What the exercise asks: Everything in the listing that follows should be reproduced exactly except the pictures.

-- The data follows --

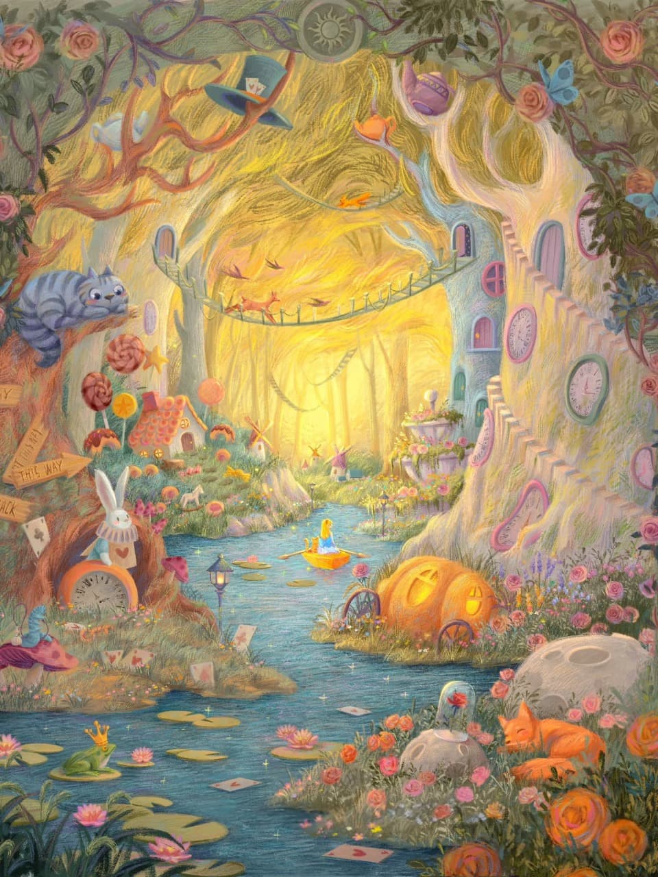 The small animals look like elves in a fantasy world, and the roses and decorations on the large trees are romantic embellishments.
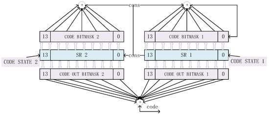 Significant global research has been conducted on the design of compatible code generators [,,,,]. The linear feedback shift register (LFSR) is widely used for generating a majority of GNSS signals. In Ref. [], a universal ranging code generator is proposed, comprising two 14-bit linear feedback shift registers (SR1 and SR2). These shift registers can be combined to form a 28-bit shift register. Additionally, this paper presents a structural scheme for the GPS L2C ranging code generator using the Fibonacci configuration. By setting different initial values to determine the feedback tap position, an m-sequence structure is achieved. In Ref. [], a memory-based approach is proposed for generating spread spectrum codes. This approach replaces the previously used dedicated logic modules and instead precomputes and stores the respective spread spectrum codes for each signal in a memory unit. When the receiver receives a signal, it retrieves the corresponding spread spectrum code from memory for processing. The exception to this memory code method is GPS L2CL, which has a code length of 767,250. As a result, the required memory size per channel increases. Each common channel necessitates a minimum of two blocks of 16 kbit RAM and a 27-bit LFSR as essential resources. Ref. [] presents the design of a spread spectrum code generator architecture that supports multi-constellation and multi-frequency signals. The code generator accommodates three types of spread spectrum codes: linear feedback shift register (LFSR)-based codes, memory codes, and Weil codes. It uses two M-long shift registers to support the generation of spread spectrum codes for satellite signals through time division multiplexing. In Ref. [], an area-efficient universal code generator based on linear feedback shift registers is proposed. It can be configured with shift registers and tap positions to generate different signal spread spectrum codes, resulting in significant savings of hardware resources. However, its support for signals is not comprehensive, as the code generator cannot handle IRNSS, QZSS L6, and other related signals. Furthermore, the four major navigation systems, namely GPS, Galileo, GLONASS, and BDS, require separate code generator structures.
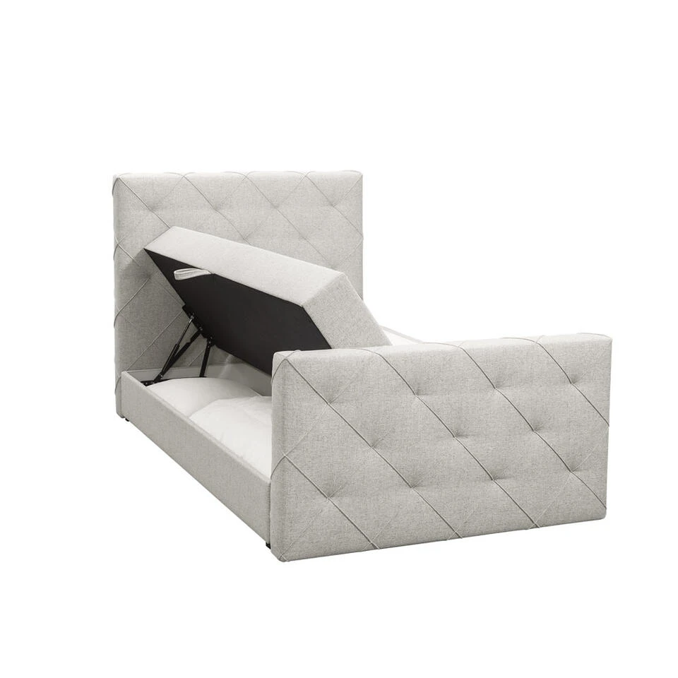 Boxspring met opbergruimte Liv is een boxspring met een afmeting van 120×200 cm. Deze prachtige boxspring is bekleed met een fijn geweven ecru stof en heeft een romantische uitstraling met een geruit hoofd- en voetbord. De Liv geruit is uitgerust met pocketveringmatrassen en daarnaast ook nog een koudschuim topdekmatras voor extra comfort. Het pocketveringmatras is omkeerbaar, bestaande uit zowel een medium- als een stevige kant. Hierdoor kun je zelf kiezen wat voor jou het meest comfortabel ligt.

-- The data concluded --

The completed task:
 The small animals look like elves in a fantasy world, and the roses and decorations on the large trees are romantic embellishments.
 Significant global research has been conducted on the design of compatible code generators [,,,,]. The linear feedback shift register (LFSR) is widely used for generating a majority of GNSS signals. In Ref. [], a universal ranging code generator is proposed, comprising two 14-bit linear feedback shift registers (SR1 and SR2). These shift registers can be combined to form a 28-bit shift register. Additionally, this paper presents a structural scheme for the GPS L2C ranging code generator using the Fibonacci configuration. By setting different initial values to determine the feedback tap position, an m-sequence structure is achieved. In Ref. [], a memory-based approach is proposed for generating spread spectrum codes. This approach replaces the previously used dedicated logic modules and instead precomputes and stores the respective spread spectrum codes for each signal in a memory unit. When the receiver receives a signal, it retrieves the corresponding spread spectrum code from memory for processing. The exception to this memory code method is GPS L2CL, which has a code length of 767,250. As a result, the required memory size per channel increases. Each common channel necessitates a minimum of two blocks of 16 kbit RAM and a 27-bit LFSR as essential resources. Ref. [] presents the design of a spread spectrum code generator architecture that supports multi-constellation and multi-frequency signals. The code generator accommodates three types of spread spectrum codes: linear feedback shift register (LFSR)-based codes, memory codes, and Weil codes. It uses two M-long shift registers to support the generation of spread spectrum codes for satellite signals through time division multiplexing. In Ref. [], an area-efficient universal code generator based on linear feedback shift registers is proposed. It can be configured with shift registers and tap positions to generate different signal spread spectrum codes, resulting in significant savings of hardware resources. However, its support for signals is not comprehensive, as the code generator cannot handle IRNSS, QZSS L6, and other related signals. Furthermore, the four major navigation systems, namely GPS, Galileo, GLONASS, and BDS, require separate code generator structures.
 Boxspring met opbergruimte Liv is een boxspring met een afmeting van 120×200 cm. Deze prachtige boxspring is bekleed met een fijn geweven ecru stof en heeft een romantische uitstraling met een geruit hoofd- en voetbord. De Liv geruit is uitgerust met pocketveringmatrassen en daarnaast ook nog een koudschuim topdekmatras voor extra comfort. Het pocketveringmatras is omkeerbaar, bestaande uit zowel een medium- als een stevige kant. Hierdoor kun je zelf kiezen wat voor jou het meest comfortabel ligt.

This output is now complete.